Im Sommer 2016 waren ein paar Hundert der vom Aussterben bedrohten Kleinschnecken in den Sihlwald zwischen Hochwacht und Schnabelburg gezügelt worden. Die nur wenige Millimeter grossen Schnecken lebten vorher im Langenberg auf Kastanienbäumen, die gefällt werden mussten.

Nach gut einem Jahr sind nun auf rund einem Viertel der Bäume, auf denen die Schnecken ausgesetzt wurden, wieder Tiere gefunden worden, wie der Wildnispark Zürich am Donnerstag mitteilte. Zwar waren es nur einzelne Schnecken - dies wird trotzdem als "eindeutig positiv" bewertet.

Einerseits gebe es Schnecken-Umsiedlungen, bei denen ein Jahr später keine Tier mehr gefunden werde. Andererseits ist es gemäss Mitteilung gut möglich, dass noch weitere Tiere am neuen Standort im Sihlwald hausen.
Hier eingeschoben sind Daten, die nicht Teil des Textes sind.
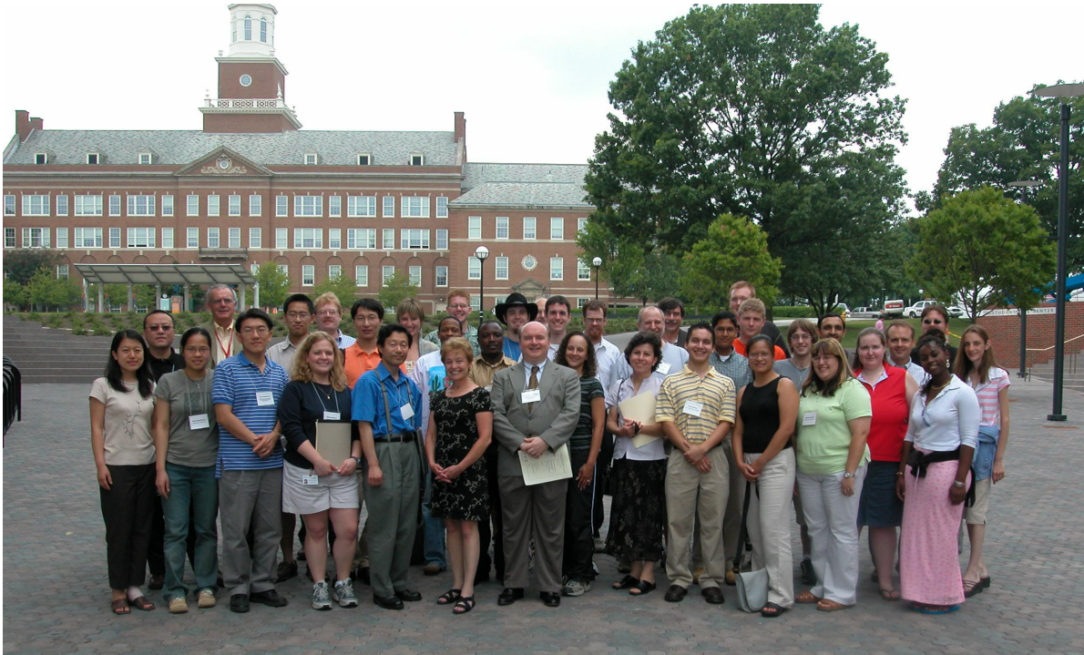
Figure 4: Summer 2004 REU Site program group at the University of Cincinnati.

freshman and sophomore students can benefit tremendously and also contribute to an REU program. It is also important to strive for gender parity and participation by underrepresented minorities. Prior to the formal REU program it is important that a dialogue be facilitated between the REU student and his/her faculty advisor and graduate mentor. It is also important to insure that the faculty advisor order in advance any equipment and supplies necessary for the student's research. An additional measure of hospitality in the form of picking up the students at the airport and being at the dormitories to help them move into their accommodations provides a nice 'personal touch' to get the REU program off to a positive start. A blend of technical, cultural, and social activities is critical to creating a meaningful and enjoyable program. In
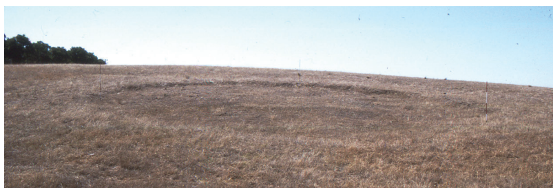
Figure 2 Reservoir Road 1 (VAHR 7822-0492) circa 1991.

Do more earth rings exist along the biik wurrdha (Jacksons Creek) corridor or elsewhere on Wurundjeri Woi-wurrung Country ? If so, what are the implications for our broader understanding of earth rings and their distribution and how they are protected and cared for ?
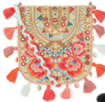
Tassel saddlebag, £29, Accessorize
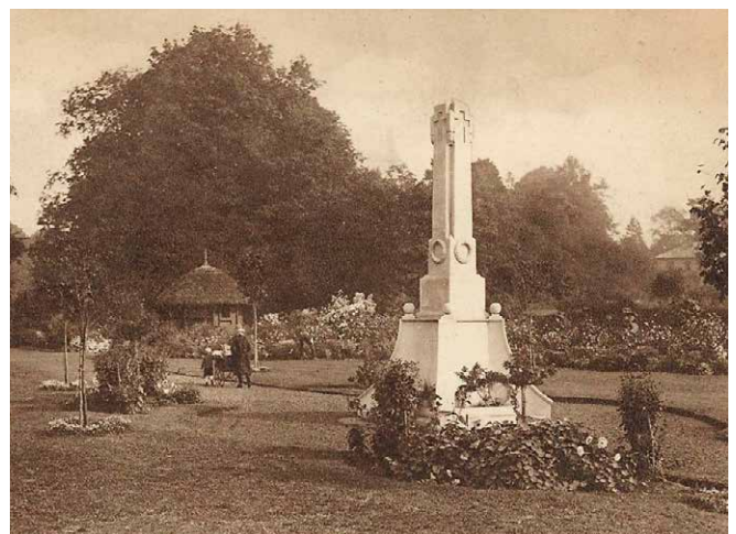
Figure 10 An early view of Romsey Memorial Park (Hampshire), opened in 1920; the Grade II-listed war memorial was unveiled in 1921. As the principal park in the town it contained most of the amenities associated with a typical public park.

A memorial park often grew from a pre-existing aspiration for a public park. In Romsey in Hampshire, a park had been discussed for many years before the First World War, and the end of the War gave the campaign fresh impetus under the banner of commemoration. What was laid out was a traditional public park of some 2ha. complete with bandstand and ornamental planting (Fig10). Negotiations to purchase the estate which became Gheluvelt Park were opened as early as 1912, while the Memorial Park at Herne Bay in Kent was created on a site where a park had first been proposed in 1894. In other cases, as at Kirkham, a pre-existing park was adopted as a memorial. At Chingford in Essex, the Memorial Park was laid out in 1930 around the pre-existing war memorial garden. The site was extended to some 3.8ha. and became the Urban District Council's first municipal park, with a range of amenities including a bandstand and ornamental pond as well as sports pitches and a bowling green.
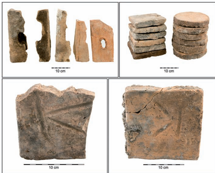
Fig. 10. Ceramic building materials found in the Southern Bathhouse
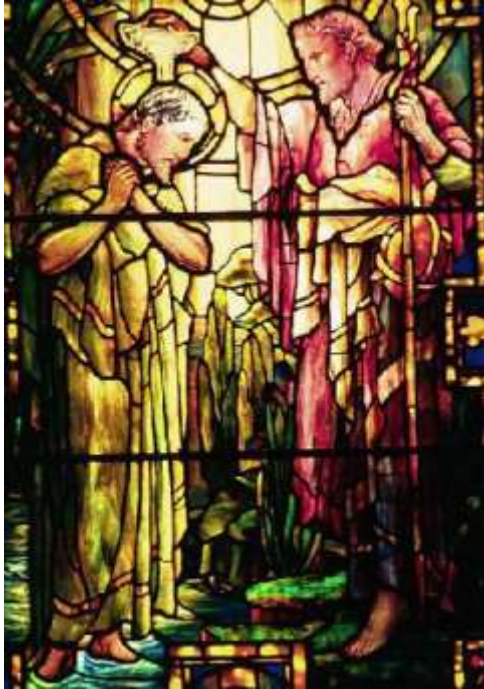
THE BAPTISM OF CHRIST, LOUIS COMFORT TIFFANY

Wegen des heissen Sommers haben sich die Schnecken weit in die raue Rinde zurückgezogen. So seien insbesondere die kleinen Jungtiere dadurch kaum sichtbar. Ob die Umsiedlung erfolgreich war, kann aber erst in ein paar Jahren gesagt werden.

Das Gebiet rund um die Schnabelburg auf der Albiskette ist ein bekannter Standort für die Zahnlose Schliessmundschnecke: Durch die Renovation der einsturzgefährdeten Burgruine im Sommer 2011 wurde der Bestand aber stark dezimiert.

Die Zahnlose Schliessmundschnecke befindet sich auf der Roten Liste der vom Aussterben bedrohten Tierarten. Eine ausgewachsene Schnecke ist nur etwa zehn Millimeter lang und einen Millimeter breit. Sie hat als einzige der Schliessmundschnecken keine "Zähne" oder "Lamellen". Sie fühlt sich auf allen Bäumen mit rauer, aufgerissener Rinde wohl.